Technical question
How should a Stockholm-style district heating system dispatch CHP, woodchip, geothermal heat, heat pumps and storage when demand, cost, emissions and electricity-market coupling are all active constraints?
District heating · Dispatch optimisation · Energy systems
A five-step linear programming model for district-heating dispatch using annual demand profiles, electricity-price data, storage assumptions and cost/emissions objectives to compare heat-source scheduling decisions.
Evidence dashboard
How should a Stockholm-style district heating system dispatch CHP, woodchip, geothermal heat, heat pumps and storage when demand, cost, emissions and electricity-market coupling are all active constraints?

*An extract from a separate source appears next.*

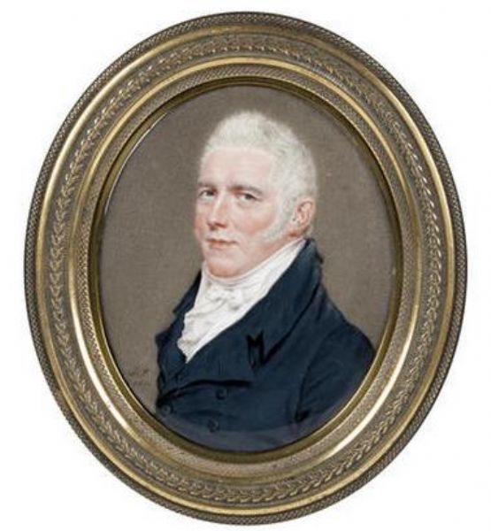 wearing dark blue coat, white waistcoat, frilled chemise and tied stoc

A Python/PuLP linear programme was built stepwise: base dispatch, 2030 demand, storage integration, electricity-price-linked operation and emissions minimisation. Each step isolates one modelling assumption instead of mixing every intervention at once.
The input data combine five annual heat-demand profiles, E.ON electricity price data and solar-thermal profile data. The stepwise model tests how dispatch changes when storage, price signals and emissions weighting are introduced.
Representative dispatch signal: woodchip 600 MWh, geothermal 200 MWh, CHP approximately 612 MWh, heat pump up to 50 MWh.
The model simplifies seasonal plant constraints and did not fully activate CHP cogeneration in the base case. Its value is methodological: it shows how heat-source dispatch, storage and market signals can be compared in a reproducible decision-support model.
District heating is a strong fit for urban areas, but dispatch planning becomes difficult when demand varies seasonally and the asset mix includes technologies with very different costs, efficiencies and carbon intensities. The project set out to build a structured optimisation model for Stockholm-style district heating and test how results change as demand grows, storage is added and the objective shifts from cost to emissions.
The model was developed step by step so that each stage builds on the previous one and the effect of each design choice can be isolated.
The local project evidence includes the PRO2 brief, five Python model files, an annual demand workbook with 8761 rows including the header, an E.ON electricity price CSV with 8760 hourly values and a solar-thermal profile dataset. This matters because the project was not a static spreadsheet comparison; it was an optimisation workflow built around time-indexed operational data.
Three core heat generation technologies were parameterised from industry data:
Load 5 (stable commercial demand with low variation) was chosen alongside the residential profile because stable demand allows technologies to operate consistently, avoiding efficiency losses from frequent start-ups and shutdowns and reducing the need for backup capacity.
Woodchip and geothermal operate at their upper limits continuously, providing the stable renewable base. CHP fills the remaining demand gap, ranging between 572 and 651 MWh depending on period. Heat pumps contribute 0–50 MWh intermittently, deployed only when economically or operationally advantageous. No electricity purchases from the grid were required, confirming a high degree of self-reliance in the modelled configuration.
CHP electricity generation remained at 0 MWh during the analysed base-case periods, suggesting that cogeneration was not triggered under base-case cost conditions. This is a key finding: the optimiser prioritised heat output over electricity co-production, pointing to an opportunity in Step 4 where spot-price-linked CHP dispatch could unlock additional value.
The base-case dispatch established a clear priority order: renewable base load (woodchip, geothermal) first, flexible dispatchable CHP second, heat pumps as marginal support. This pattern held even as the objective function changed from cost to emissions in Step 5, because the lowest-cost technologies (woodchip, geothermal) are also zero-carbon.
The cost–emissions trade-off only becomes sharp when CHP — which carries 180 kg CO&sub2;/MWh — is competing with higher-cost but cleaner alternatives. Storage integration (Step 3) reduces dependence on CHP peaks by allowing surplus renewable heat to be shifted in time, which simultaneously reduces costs and emissions.
Relevance
This project is a direct example of process and energy-systems optimisation work: demand modelling, technology cost and emissions parameterisation, linear programming dispatch, and scenario comparison. The five-step structure demonstrates how to isolate the effect of individual design choices — storage, cogeneration, electricity price signal and objective function — in a single modelling campaign rather than building separate models.
The finding that the cost-optimal and emissions-optimal dispatches nearly coincide (because the cheapest technologies are also zero-carbon) is a practically important result: it means the case for renewable base load does not depend on a carbon price in this system configuration. That kind of insight is transferable to industrial decarbonization R&D, where heat pumps, storage, electrified heating and market signals must be assessed together rather than as isolated technologies.